Voraussetzungen und Antragstellung
Die wichtigste Voraussetzung ist ein Restanspruch auf ALG I von mindestens 150 Tagen (ca. 5 Monate) zum Zeitpunkt der Gründung. Außerdem müssen Sie eine hauptberufliche selbständige Tätigkeit aufnehmen, die zur Beendigung der Arbeitslosigkeit führt. Eine fachkundige Stelle (IHK, HWK, Steuerberater, Bank) muss die Tragfähigkeit Ihres Geschäftskonzepts bestätigen. Der Antrag wird vor der Gründung bei der zuständigen Agentur für Arbeit gestellt. Wichtig: Seit der Reform 2012 ist der Gründungszuschuss eine Ermessensleistung— die Agentur für Arbeit kann den Antrag ablehnen, auch wenn alle Voraussetzungen erfüllt sind.
Steuerliche Behandlung
Der Gründungszuschuss ist nach § 3 Nr. 2 EStG steuerfrei. Er unterliegt jedoch dem Progressionsvorbehalt nach § 32b EStG. Das bedeutet: Der Zuschuss selbst wird nicht besteuert, aber er erhöht den Steuersatz auf Ihre übrigen Einkünfte. In der Praxis wirkt sich dies vor allem aus, wenn Sie neben dem Gründungszuschuss bereits nennenswerte Einnahmen aus der Selbständigkeit erzielen. Die 300 € Pauschale für soziale Absicherung ist ebenfalls steuerfrei und unterliegt dem gleichen Progressionsvorbehalt.
Tipps für eine erfolgreiche Antragstellung
Um die Bewilligung zu erhöhen, sollten Sie folgende Punkte beachten: Stellen Sie den Antrag vorder Gründung — nachträgliche Anträge werden abgelehnt. Erstellen Sie einen überzeugenden Businessplan mit realistischen Umsatzprognosen und einer Wirtschaftlichkeitsberechnung für mindestens 3 Jahre. Holen Sie die Stellungnahme der fachkundigen Stelle frühzeitig ein. Dokumentieren Sie Ihre fachliche und kaufmännische Qualifikation. Und: Nutzen Sie die kostenlose Gründungsberatung der IHK oder lokaler Gründerzentren — die Agentur für Arbeit wertet eine professionelle Vorbereitung positiv.

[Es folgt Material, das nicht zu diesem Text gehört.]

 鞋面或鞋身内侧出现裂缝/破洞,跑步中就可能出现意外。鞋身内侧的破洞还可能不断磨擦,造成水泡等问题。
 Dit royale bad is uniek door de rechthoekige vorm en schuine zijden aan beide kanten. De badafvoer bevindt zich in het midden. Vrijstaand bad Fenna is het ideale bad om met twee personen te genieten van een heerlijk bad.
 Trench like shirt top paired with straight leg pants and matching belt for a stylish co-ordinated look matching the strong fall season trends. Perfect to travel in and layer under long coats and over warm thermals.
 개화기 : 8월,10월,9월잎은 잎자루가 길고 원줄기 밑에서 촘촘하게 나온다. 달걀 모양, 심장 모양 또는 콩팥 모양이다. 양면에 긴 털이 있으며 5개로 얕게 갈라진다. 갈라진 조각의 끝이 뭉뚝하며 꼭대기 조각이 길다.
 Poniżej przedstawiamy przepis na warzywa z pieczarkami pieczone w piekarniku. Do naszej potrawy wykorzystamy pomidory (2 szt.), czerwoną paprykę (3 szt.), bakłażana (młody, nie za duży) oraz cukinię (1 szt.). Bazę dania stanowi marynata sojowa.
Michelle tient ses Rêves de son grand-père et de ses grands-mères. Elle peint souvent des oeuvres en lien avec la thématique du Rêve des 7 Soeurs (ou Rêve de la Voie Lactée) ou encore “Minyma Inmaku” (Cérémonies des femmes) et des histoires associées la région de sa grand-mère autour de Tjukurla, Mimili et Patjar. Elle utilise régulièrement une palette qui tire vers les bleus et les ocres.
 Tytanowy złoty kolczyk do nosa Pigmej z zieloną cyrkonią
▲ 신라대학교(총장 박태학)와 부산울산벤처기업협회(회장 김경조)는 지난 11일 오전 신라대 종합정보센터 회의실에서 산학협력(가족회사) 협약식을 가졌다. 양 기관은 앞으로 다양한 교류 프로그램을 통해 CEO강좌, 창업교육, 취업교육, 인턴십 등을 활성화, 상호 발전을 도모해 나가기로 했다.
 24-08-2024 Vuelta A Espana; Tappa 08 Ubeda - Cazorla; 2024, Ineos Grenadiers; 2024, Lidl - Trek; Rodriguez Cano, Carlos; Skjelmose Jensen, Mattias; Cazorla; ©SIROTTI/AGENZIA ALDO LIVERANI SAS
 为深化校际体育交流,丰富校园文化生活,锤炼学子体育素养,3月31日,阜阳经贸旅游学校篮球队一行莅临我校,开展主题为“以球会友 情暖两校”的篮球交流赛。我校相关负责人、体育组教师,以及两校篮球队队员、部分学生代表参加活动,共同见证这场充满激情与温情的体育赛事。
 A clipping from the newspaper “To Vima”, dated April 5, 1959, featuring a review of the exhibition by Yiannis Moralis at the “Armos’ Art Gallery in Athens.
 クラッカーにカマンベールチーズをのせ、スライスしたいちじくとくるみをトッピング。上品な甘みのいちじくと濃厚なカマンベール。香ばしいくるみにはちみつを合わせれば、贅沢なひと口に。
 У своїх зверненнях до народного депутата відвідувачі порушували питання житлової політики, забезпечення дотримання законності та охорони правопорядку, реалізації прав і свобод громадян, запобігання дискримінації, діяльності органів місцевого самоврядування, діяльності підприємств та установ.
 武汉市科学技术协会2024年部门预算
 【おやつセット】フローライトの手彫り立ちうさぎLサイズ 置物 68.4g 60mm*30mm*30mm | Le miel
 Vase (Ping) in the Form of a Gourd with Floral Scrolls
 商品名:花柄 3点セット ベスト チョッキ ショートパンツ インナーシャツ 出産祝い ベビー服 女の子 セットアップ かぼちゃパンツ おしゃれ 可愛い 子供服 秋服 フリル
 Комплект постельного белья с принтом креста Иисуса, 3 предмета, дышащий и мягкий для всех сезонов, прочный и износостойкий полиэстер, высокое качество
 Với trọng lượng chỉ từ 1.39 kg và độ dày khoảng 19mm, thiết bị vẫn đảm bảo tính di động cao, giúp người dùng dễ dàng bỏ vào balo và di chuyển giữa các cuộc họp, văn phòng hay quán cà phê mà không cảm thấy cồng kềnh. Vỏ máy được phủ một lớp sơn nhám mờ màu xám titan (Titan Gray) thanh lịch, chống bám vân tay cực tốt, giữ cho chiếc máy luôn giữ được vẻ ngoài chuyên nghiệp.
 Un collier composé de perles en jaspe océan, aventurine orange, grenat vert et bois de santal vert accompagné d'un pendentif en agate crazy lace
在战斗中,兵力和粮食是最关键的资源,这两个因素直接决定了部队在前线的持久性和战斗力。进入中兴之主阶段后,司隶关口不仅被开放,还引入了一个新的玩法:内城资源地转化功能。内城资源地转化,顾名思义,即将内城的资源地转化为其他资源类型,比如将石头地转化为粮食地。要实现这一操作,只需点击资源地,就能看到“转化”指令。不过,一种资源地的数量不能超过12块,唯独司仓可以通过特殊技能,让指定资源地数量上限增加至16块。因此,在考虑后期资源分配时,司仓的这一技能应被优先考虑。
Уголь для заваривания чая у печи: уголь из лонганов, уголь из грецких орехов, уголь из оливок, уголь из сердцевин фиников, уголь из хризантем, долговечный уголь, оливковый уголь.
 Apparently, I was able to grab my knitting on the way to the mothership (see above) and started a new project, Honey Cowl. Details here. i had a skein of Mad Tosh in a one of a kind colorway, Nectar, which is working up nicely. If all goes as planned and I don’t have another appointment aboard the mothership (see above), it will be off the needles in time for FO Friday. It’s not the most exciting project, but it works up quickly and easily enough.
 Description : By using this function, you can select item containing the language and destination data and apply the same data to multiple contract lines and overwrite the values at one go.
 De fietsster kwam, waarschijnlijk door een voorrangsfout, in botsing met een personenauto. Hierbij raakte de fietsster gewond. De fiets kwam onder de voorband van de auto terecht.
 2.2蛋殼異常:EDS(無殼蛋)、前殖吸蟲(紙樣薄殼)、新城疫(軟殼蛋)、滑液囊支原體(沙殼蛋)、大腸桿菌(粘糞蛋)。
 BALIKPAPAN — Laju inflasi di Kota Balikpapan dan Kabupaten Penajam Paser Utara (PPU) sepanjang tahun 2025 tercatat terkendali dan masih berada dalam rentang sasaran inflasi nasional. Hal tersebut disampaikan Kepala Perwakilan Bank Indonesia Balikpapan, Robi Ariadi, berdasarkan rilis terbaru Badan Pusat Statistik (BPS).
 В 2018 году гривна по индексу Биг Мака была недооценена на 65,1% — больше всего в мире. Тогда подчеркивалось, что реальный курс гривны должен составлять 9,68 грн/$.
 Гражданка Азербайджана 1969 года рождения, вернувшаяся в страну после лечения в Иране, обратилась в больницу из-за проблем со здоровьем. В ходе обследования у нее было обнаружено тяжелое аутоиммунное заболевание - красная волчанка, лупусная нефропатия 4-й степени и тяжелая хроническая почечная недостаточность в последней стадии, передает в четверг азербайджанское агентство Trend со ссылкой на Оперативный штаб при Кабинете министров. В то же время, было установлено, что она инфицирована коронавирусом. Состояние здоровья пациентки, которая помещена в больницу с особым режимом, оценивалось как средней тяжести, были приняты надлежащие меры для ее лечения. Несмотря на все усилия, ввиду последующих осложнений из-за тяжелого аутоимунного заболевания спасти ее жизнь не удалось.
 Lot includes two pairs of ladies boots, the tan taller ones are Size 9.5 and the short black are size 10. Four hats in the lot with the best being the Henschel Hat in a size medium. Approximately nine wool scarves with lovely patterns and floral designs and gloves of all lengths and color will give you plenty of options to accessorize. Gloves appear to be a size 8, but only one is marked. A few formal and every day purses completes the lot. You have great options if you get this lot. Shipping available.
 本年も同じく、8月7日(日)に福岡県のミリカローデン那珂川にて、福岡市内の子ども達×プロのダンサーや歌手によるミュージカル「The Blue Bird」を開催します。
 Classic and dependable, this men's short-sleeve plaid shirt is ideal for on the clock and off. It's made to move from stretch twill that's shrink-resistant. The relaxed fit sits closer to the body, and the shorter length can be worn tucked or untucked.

Häufige Fragen zum Gründungszuschuss
Wer hat Anspruch auf den Gründungszuschuss?
Anspruch hat, wer ALG I bezieht und mindestens 150 Tage Restanspruch (ca. 5 Monate) hat und eine hauptberufliche selbständige Tätigkeit aufnimmt. Eine Stellungnahme einer fachkundigen Stelle (IHK, HWK, Steuerberater) zur Tragfähigkeit des Geschäftskonzepts ist erforderlich. Der Gründungszuschuss ist eine Ermessensleistung — es besteht kein Rechtsanspruch.
Muss der Gründungszuschuss versteuert werden?
Nein, der Gründungszuschuss ist nach § 3 Nr. 2 EStG steuerfrei. Er unterliegt jedoch dem Progressionsvorbehalt (§ 32b EStG) und erhöht damit den Steuersatz auf andere Einkünfte. In der Steuererklärung wird er in Zeile 15 der Anlage N eingetragen.
Wie lange wird der Gründungszuschuss gezahlt?
Phase 1 dauert 6 Monate: ALG I + 300 € Pauschale für soziale Absicherung. Phase 2 kann für weitere 9 Monate beantragt werden: nur 300 € monatlich. Voraussetzung für Phase 2 ist der Nachweis einer hauptberuflichen Geschäftstätigkeit und intensiver unternehmerischer Aktivität.
Kann ich neben dem Gründungszuschuss Einkommen erzielen?
Ja, das ist sogar erwünscht. Der Gründungszuschuss soll den Übergang in die Selbständigkeit erleichtern. Ihre Einnahmen aus der Selbständigkeit werden nicht auf den Zuschuss angerechnet. Es gibt keine Einkommensgrenze — der Zuschuss wird in voller Höhe gezahlt.
Was passiert, wenn die Selbständigkeit scheitert?
Bei Aufgabe der Selbständigkeit während Phase 1 endet der Gründungszuschuss. Der verbleibende ALG-I-Anspruch bleibt erhalten (abzüglich der verbrauchten Tage). Sie können sich erneut arbeitslos melden und ALG I beziehen. Eine erneute Beantragung des Gründungszuschusses ist möglich, wenn die Voraussetzungen wieder erfüllt sind.
Welche Sozialversicherung gilt während des Gründungszuschusses?
In Phase 1 sind Sie über das ALG I weiterhin in der gesetzlichen Kranken-, Pflege-, Renten- und Unfallversicherung pflichtversichert. Die 300 € Pauschale dient zur freiwilligen Absicherung. Ab Phase 2 oder nach Ende des Zuschusses müssen Sie sich selbst versichern (freiwillig gesetzlich oder privat).